[DO NOT PUBLISH]
IN THE UNITED STATES COURT OF APPEALS
FOR THE ELEVENTH CIRCUIT FILED
________________________ U.S. COURT OF APPEALS
ELEVENTH CIRCUIT
October 30, 2006
No. 05-17113 THOMAS K. KAHN
Non-Argument Calendar CLERK
________________________
D. C. Docket No. 05-80090-CR-JIC
UNITED STATES OF AMERICA,
Plaintiff-Appellee,
versus
LAVELL PHILLIPS,
a.k.a. Lavelle Antwon Phillips,
Defendant-Appellant.
________________________
Appeal from the United States District Court
for the Southern District of Florida
_________________________
(October 30, 2006)
Before TJOFLAT, ANDERSON and BIRCH, Circuit Judges.
PER CURIAM:
Lavell Phillips appeals his conviction for possession of ammunition by a
convicted felon, in violation of 18 U.S.C. §§ 922(g) and 924(e).
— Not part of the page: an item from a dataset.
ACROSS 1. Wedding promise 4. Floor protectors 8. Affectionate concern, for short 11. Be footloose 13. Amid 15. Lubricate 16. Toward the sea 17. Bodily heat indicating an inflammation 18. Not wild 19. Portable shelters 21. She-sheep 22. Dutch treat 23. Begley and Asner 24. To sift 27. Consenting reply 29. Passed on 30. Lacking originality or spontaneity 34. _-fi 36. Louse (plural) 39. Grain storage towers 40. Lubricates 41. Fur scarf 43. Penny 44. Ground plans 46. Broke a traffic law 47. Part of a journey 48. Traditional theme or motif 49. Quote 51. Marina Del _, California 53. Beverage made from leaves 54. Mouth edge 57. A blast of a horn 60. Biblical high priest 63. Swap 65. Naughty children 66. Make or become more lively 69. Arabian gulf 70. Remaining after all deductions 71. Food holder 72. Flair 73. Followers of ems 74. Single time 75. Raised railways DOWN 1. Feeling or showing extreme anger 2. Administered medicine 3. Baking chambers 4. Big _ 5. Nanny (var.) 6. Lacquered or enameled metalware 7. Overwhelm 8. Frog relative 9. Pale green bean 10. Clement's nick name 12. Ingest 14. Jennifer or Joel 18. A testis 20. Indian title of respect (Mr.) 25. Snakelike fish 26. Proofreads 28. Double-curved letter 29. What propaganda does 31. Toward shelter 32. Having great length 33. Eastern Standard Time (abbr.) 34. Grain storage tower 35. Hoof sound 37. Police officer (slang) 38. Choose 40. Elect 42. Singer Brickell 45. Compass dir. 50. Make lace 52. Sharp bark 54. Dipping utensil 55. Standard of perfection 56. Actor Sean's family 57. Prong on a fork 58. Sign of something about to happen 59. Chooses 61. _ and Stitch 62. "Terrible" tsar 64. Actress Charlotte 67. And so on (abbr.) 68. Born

He contends that,
under the circumstances of this case, there was no substantial nexus to interstate
commerce because he was merely standing in a city parking lot with some bullets
in his pocket. Because such nexus did not exist, the district court should have
granted his motion for judgment of acquittal. He contends, moreover, that the
Government, in proceeding with his prosecution, exceeded Congress’ Commerce
Clause authority because his possession of bullets was not an economic activity
that substantially affected interstate commerce. He cites United States v. Lopez,
514 U.S. 549, 115 S.Ct. 1624, 131 L.Ed.2d 626 (1995), to support his contention.
We review the constitutionality of statutes de novo. United States v. Scott,
263 F.3d 1270, 1271 (11th Cir. 2001). Pursuant to the Commerce Clause, as
interpreted by Lopez, Congress may permissibly regulate (1) the use of the
channels of interstate commerce; (2) the instrumentalities of interstate commerce,
or persons or things in interstate commerce; and (3) activities with a “substantial
relation to interstate commerce.” Lopez, 514 U.S. at 558-59, 115 S.Ct at 1629-30.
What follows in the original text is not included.